A coalition of health groups and insurance companies yesterday unveiled an initiative, billed as the first of its kind, to help battle one of the nation's biggest health problems: childhood obesity.

Officials of the Alliance for a Healthier Generation, a joint effort of the American Heart Association and the William J. Clinton Foundation, said the initiative is designed to give children better access to health care to fight obesity. Participating insurance companies would pay for at least four visits to a dietitian and four visits to a physician each year to provide guidance to children and their parents on how to eat better and take other steps to reduce and control their weight.

More than one-third of children in the United States are overweight or obese, raising fears that they could constitute the first generation in recent history to have shorter life spans than their parents. One of the biggest problems many families face in fighting obesity is getting insurance companies to pay for doctor visits and other care to help deal with the problem.

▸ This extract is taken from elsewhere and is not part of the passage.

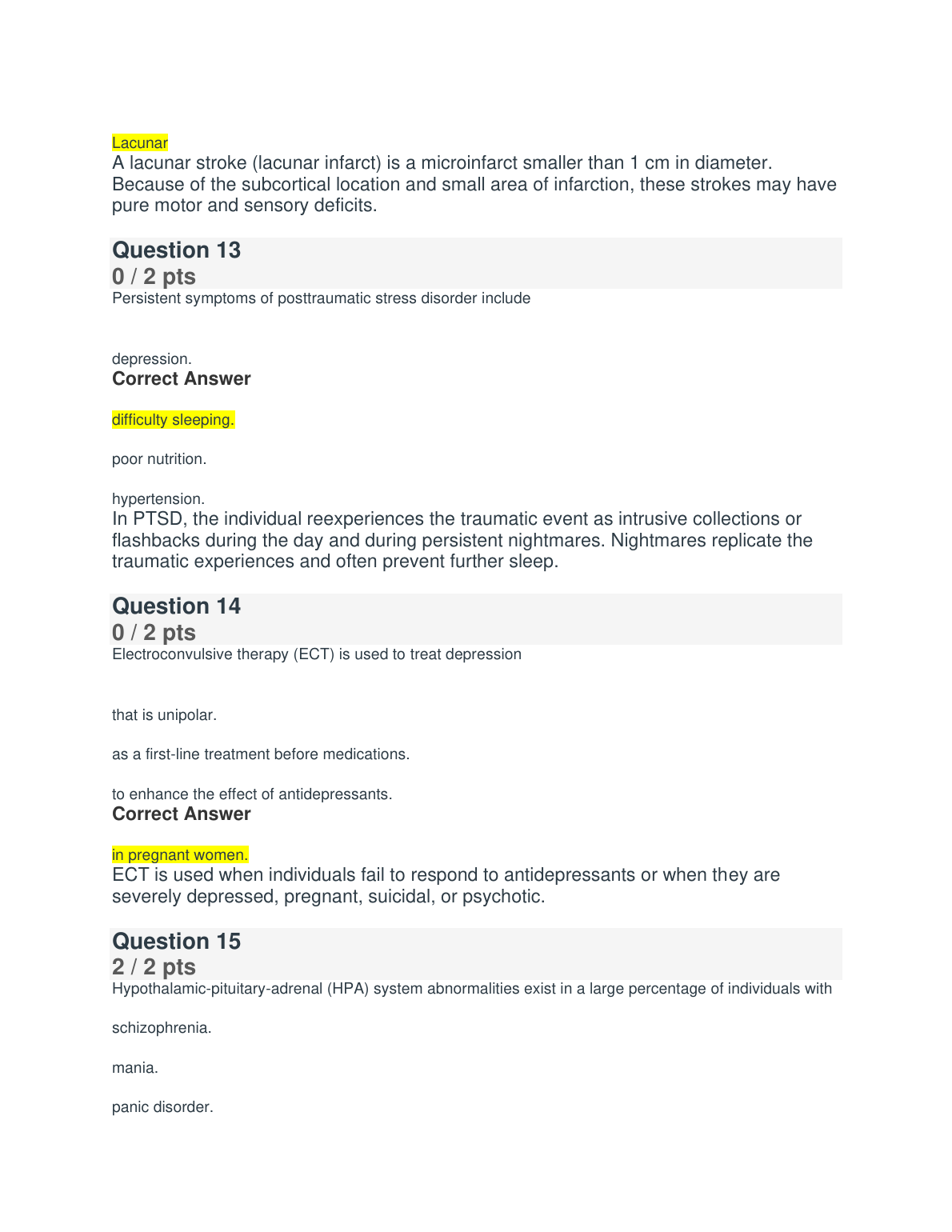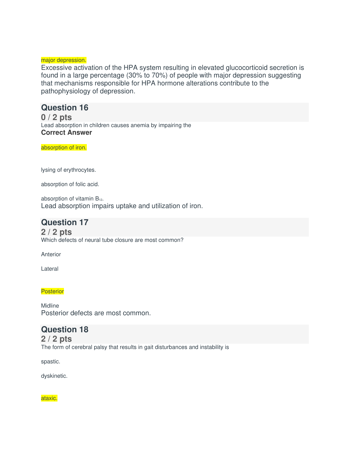 Advanced Pathophysiology Week 7 Quiz- Version 2 WITH CORRECT ANSWERS GRADED A+
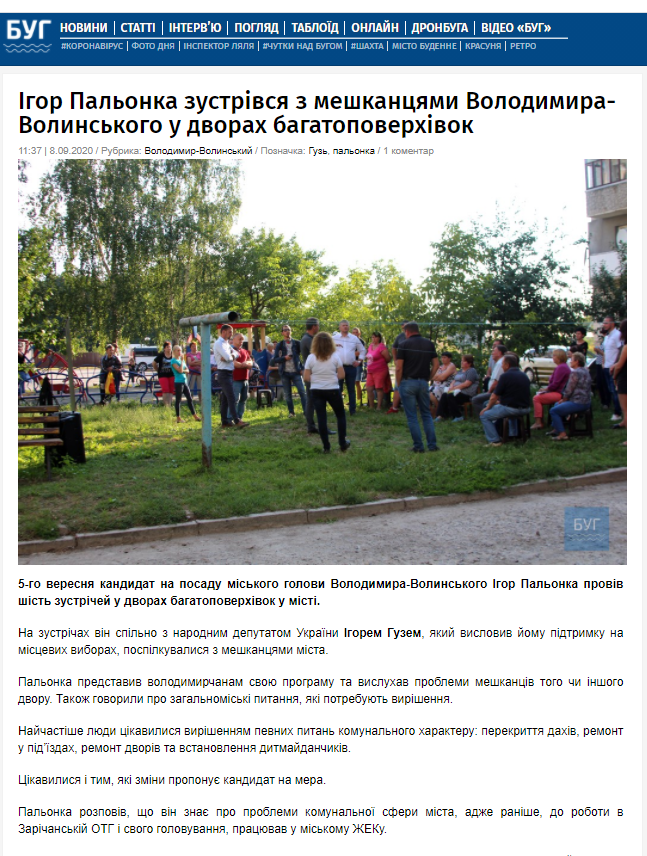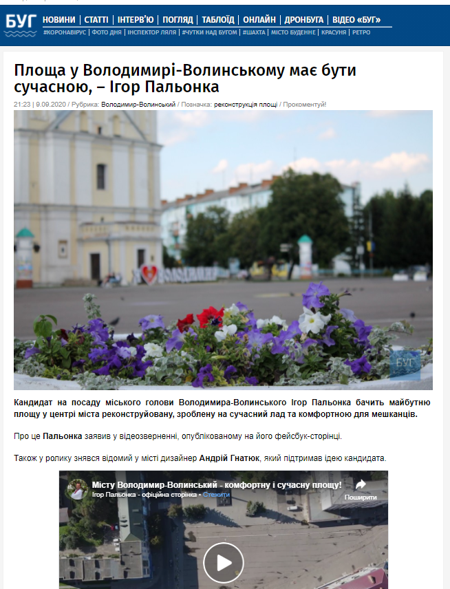 9 вересня «БУГ» опублікував новину із відеороликом за участі Ігоря Пальонки. У матеріалі його знову називають «кандидатом» та висвітлюють його бачення на зміни центральної площі Володимира-Волинського.

BlueCross BlueShield of North Carolina and BlueCross BlueShield of Massachusetts have signed on to the initiative, along with two of the biggest insurers -- Aetna and WellPoint -- and organizers hope others will follow. Several companies, including PepsiCo, Owens Corning and Paychex have also joined, offering the benefit to children of their employees.

Organizers expect that the initiative will provide the new benefit to about 1 million children in the first year and more than 6 million within three years.

Several medical groups, including the American Academy of Pediatrics and the American Dietetic Association, have signed up to help monitor the program and provide expertise.